====== DATA SUPPLIED
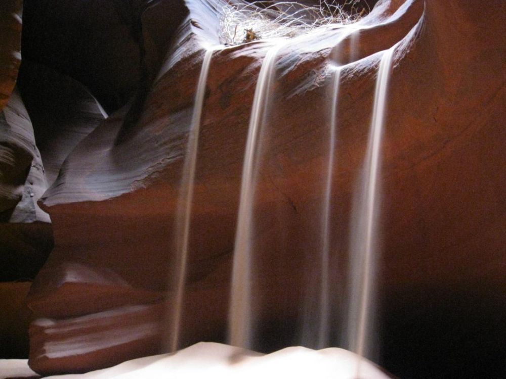 梦幻光影为最大特色。正午阳光直射形成神秘光柱,砂岩随光线变幻橙、红、紫色调,岩壁线条如波浪流动,宛如天然雕刻。多年前我在此拍摄一组照片,其中一张捧沙制造“沙流”的作品《While the Sands of Life Shall Run》获小奖。标题取自苏格兰诗人罗伯特·彭斯著名爱情诗《一朵红红的玫瑰》。
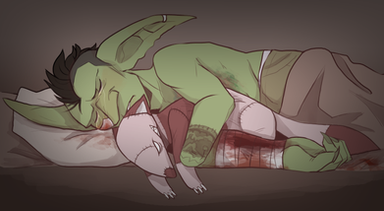In relation to this: neomi-trix.deviantart.com/art/…Sil stitched him up, put him to bed and joined him when he passed out cause she was worried and felt guilty.
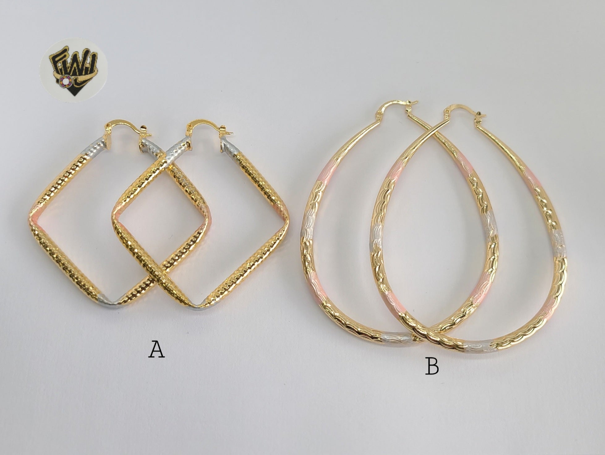 (1-2771) Gold Laminate - Three Tone Hoops - BGO
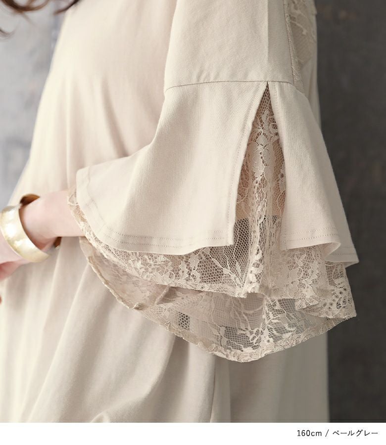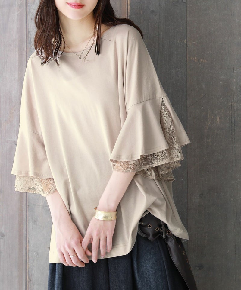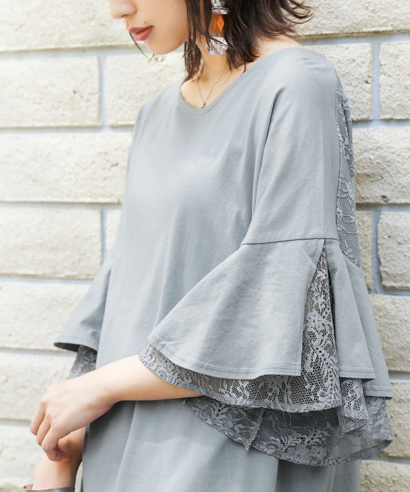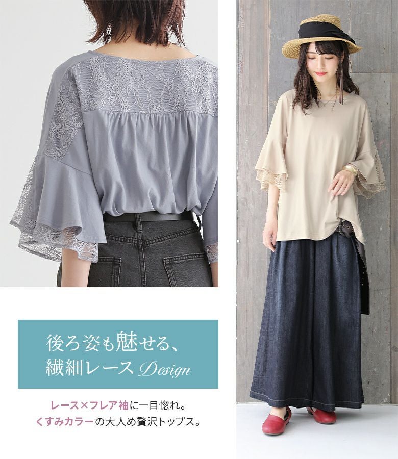 一目惚れ級!贅沢フレアレース袖カットソー。
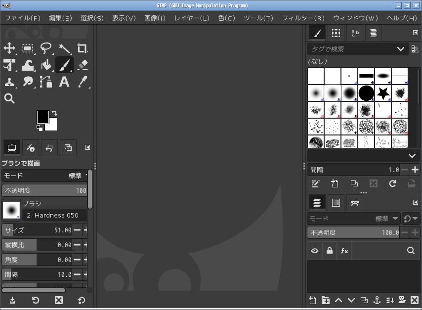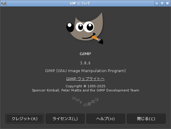 「閉じる」 起動後の状態です。 2026年4月6日の時点で、下記のバージョンでした。 操作については、「画像編集ソフト - GIMP」に掲載しています。 上記は簡単なものですので、詳細なものがほしい方は、各所に初歩の手引きから応用編までありますので、そちらを参考にしてください。 |
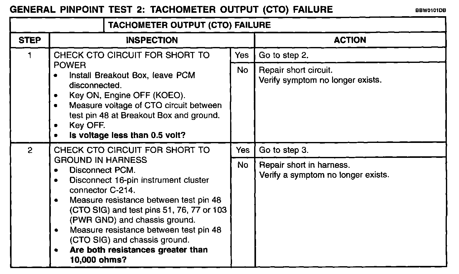 Test 2: Tachometer Output (CTO) Failure
============
(GOAL OF THE EXERCISE)
Please repeat the entries above exactly, leaving out any pictures.

(SOLUTION TO THIS TASK)
 梦幻光影为最大特色。正午阳光直射形成神秘光柱,砂岩随光线变幻橙、红、紫色调,岩壁线条如波浪流动,宛如天然雕刻。多年前我在此拍摄一组照片,其中一张捧沙制造“沙流”的作品《While the Sands of Life Shall Run》获小奖。标题取自苏格兰诗人罗伯特·彭斯著名爱情诗《一朵红红的玫瑰》。
In relation to this: neomi-trix.deviantart.com/art/…Sil stitched him up, put him to bed and joined him when he passed out cause she was worried and felt guilty.
 (1-2771) Gold Laminate - Three Tone Hoops - BGO
 一目惚れ級!贅沢フレアレース袖カットソー。
 「閉じる」 起動後の状態です。 2026年4月6日の時点で、下記のバージョンでした。 操作については、「画像編集ソフト - GIMP」に掲載しています。 上記は簡単なものですので、詳細なものがほしい方は、各所に初歩の手引きから応用編までありますので、そちらを参考にしてください。 |
 Test 2: Tachometer Output (CTO) Failure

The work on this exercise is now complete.